Problem requirements
Nothing but the lines from the one containing "Masala-spiced paneer pieces, green" through the last line of the data below should be returned, each exactly as it stands, pictures excluded.

Given records
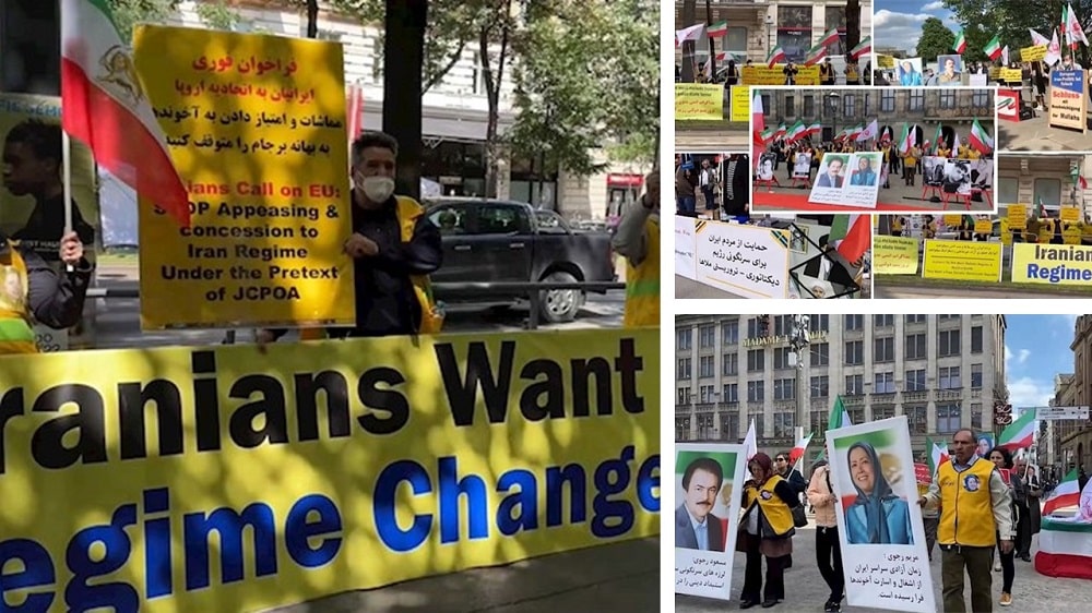 Dans tous les pays d’Europe, les Iraniens ont souligné dans leurs protestations que le régime est dans une impasse. Ils ont particulièrement fait référence à l’intention du guide suprême du régime, Ali Khamenei, de retirer Ebrahim Raisi des urnes dans le cadre de la politique de contraction du régime. Ils ont fait référence au rôle de Raisi dans le massacre de plus de 30 000 prisonniers politiques en 1988 et dans l’oppression du peuple iranien ressuscité lors des grandes manifestations iraniennes en 2019.
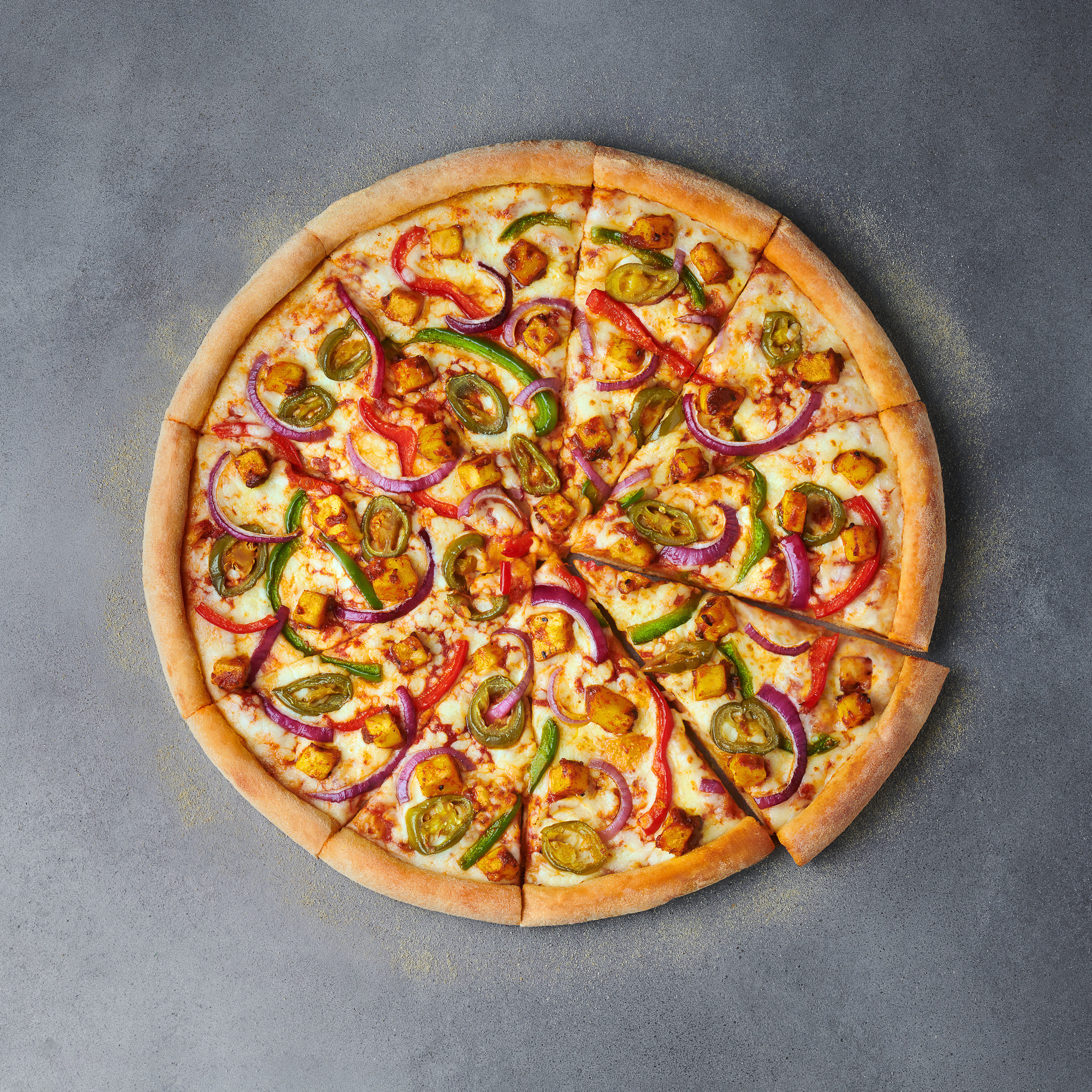 Masala-spiced paneer pieces, green & red peppers, green jalapeños, red onion and mozzarella on our signature tomato sauce base.
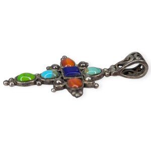 Native American Sensa Eustace Zuni 925 Silver Multi Gem Stone Cross Pendant 2"
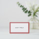 A simple business card with a Red and White graphic frame, with a white background and black print. Customized details that you'll want to include are on the reverse side, which also has the Red and White frame, a white background and black print.
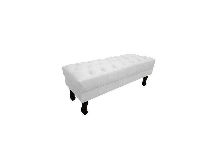 Recamier Luis Xv Capitonê Retrô 100cm Couro Branco Pés Madeira Mz Deco

Exercise result
 Masala-spiced paneer pieces, green & red peppers, green jalapeños, red onion and mozzarella on our signature tomato sauce base.
 Native American Sensa Eustace Zuni 925 Silver Multi Gem Stone Cross Pendant 2"
 A simple business card with a Red and White graphic frame, with a white background and black print. Customized details that you'll want to include are on the reverse side, which also has the Red and White frame, a white background and black print.
 Recamier Luis Xv Capitonê Retrô 100cm Couro Branco Pés Madeira Mz Deco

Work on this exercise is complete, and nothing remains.